Three small changes that let mujina-miner cross-compile for aarch64-unknown-linux-musl (and other non-glibc Linux targets), so it can be deployed onto mining hardware that ships with musl userspace — concretely, the Amlogic A113D control board found on Antminer S19 series miners.

  • Switch reqwest to rustls-tls. The default features pull in native-tls, which transitively requires openssl-sys. Cross-building openssl-sys to musl is painful (sysroot, pkg-config wrapper, vendored OpenSSL or a sysroot install) and unnecessary when reqwest can use rustls directly.
  • Gate udev and tracing-journald to target_env = "gnu". Both link against glibc-only system libraries (libudev, libsystemd) that have no good musl story.
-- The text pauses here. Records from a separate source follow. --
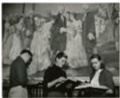
Students reading in Bunting Library (MS 0061-24-11-010)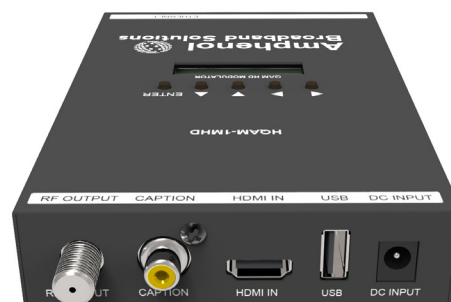
HQAM-1MHD Back Panel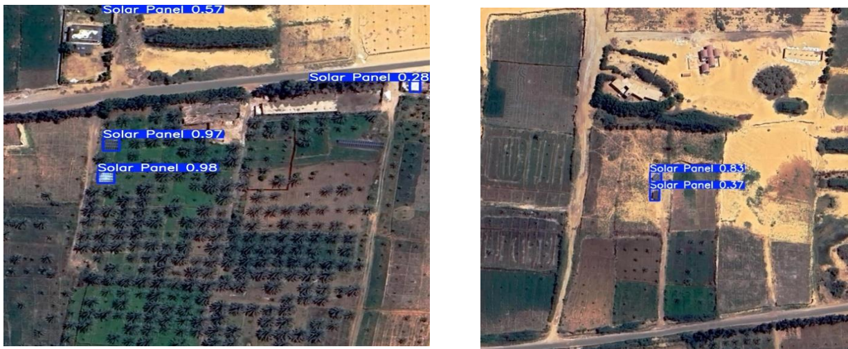
Figure 3. Examples of prediction scenarios on test data with accuracy percentage.

Note however that some tiles produced no detections, while others included occasional false positives. These instances underscore the inherent challenge of detecting very small objects in heterogeneous rural environments. Nevertheless, the model consistently identifies true photovoltaic installations where present, validating the approach. Importantly, these results should not be interpreted as a final accuracy benchmark; instead, they demonstrate that regional-scale solar irrigation mapping is attainable once representative training data are incorporated, a goal achievable through the iterative workflow demonstrated here.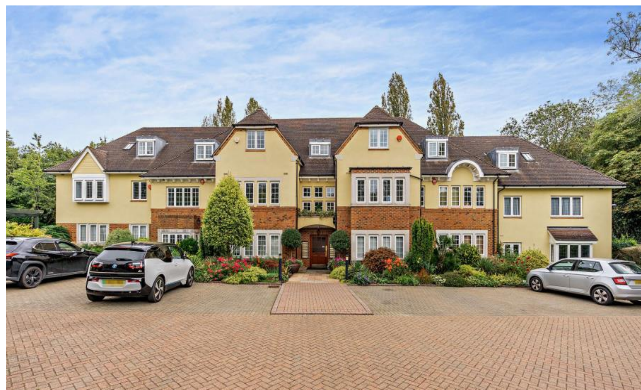
A three bedroom ground floor apartment in a gated development Ducks Hill Road, Northwood, HA6 2SG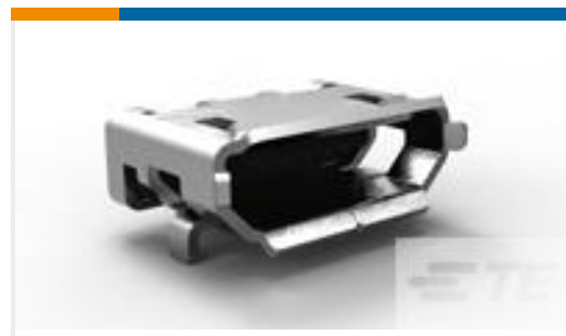
TE Part #2013499-1 MICRO USB, TYPE B

The existing fallback mod platform in src/transport/usb.rs already covers the no-udev case as a stub for unsupported platforms (Windows, etc.), so musl Linux now falls into that same path — fine for the CPU backend and any non-USB hashboard.
  • Same cfg change in src/tracing.rs so the journald init mod follows the same gate as its dependency.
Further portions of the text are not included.